Le journaliste New Yorkais consacre au psychiatre, révolutionnaire martiniquais, héros de l’indépendance algérienne, une vibrante biographie, publiée en France à La Découverte. Une fresque qui embrasse, avec la vie d’un homme, tout un siècle de décolonisation et de bouleversements intellectuels et politiques.

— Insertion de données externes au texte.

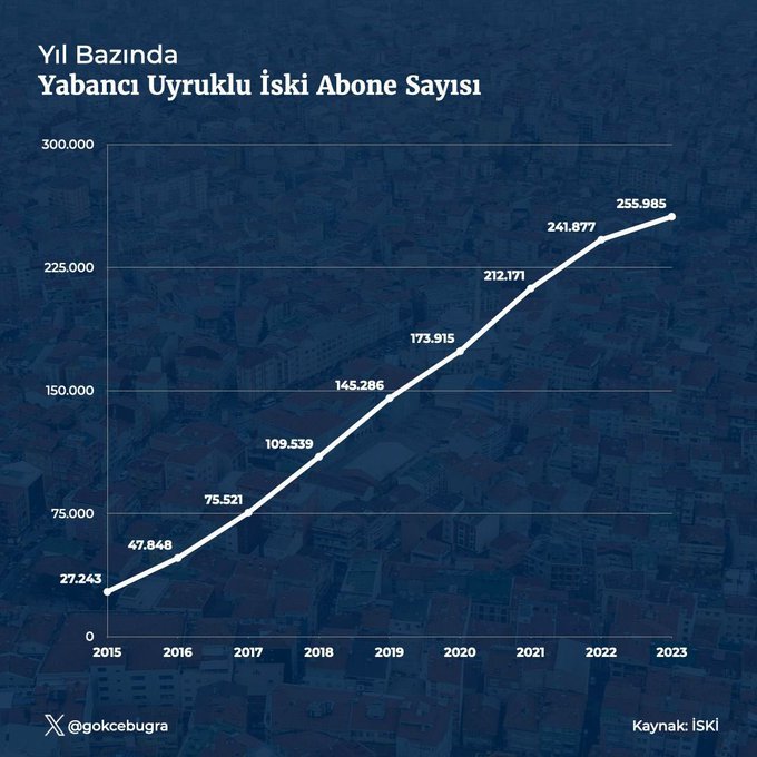Yabancı uyruklu İSKİ abone sayısı 8 yılda yaklaşık 10 kat arttığına dikkat çeken Gökce “ 2019 yılında 145 bin yabancı uyruklu abone varken bu sayı bu yıl 255 bin 985’e çıktı. İstanbul'da ortalama hane büyüklüğü 3,3 düzeyindeyken, yabancı abonelerde bir çok hane birlikte yaşadığı için hane halkı büyüklüğü 8-10 düzeyini dahi aşabiliyor. Geçici sığınmacı, konut satışı ile vatandaşlık almış şahıslar, geçici çalışma veya ikamet izni olanlar ile kaçak göçmenler dahil toplam yabancı nüfus vatandaş nüfusumuzun yüzde 16’sına ulaşmış durumda” dedi.

Publié le 22 avril 2024 dans le quotidien L’Humanité

Rosa Moussaoui

Adam Shatz est le rédacteur en chef pour les États-Unis de la London Review of Books. Il collabore régulièrement à la New York Review of Books, au New Yorker et au New York Times Magazine. Il est aussi professeur invité au Bard College et à l’Université de New York. La biographie qu’il consacre à Frantz Fanon, Une vie en révolutions (La Découverte, 2024), se lit comme le roman d’une vie, d’un engagement, comme la traversée d’un siècle qui a vu se libérer, avec le soulèvement des peuples colonisés, la moitié de l’humanité.

La biographie intellectuelle que vous consacrez à Fanon tient de la fresque, elle s’inscrit dans l’histoire longue des luttes dont la mémoire a forgé le révolutionnaire ; elle embrasse une vaste géographie transatlantique. Que disent de Fanon ces coordonnées spatiales et temporelles ?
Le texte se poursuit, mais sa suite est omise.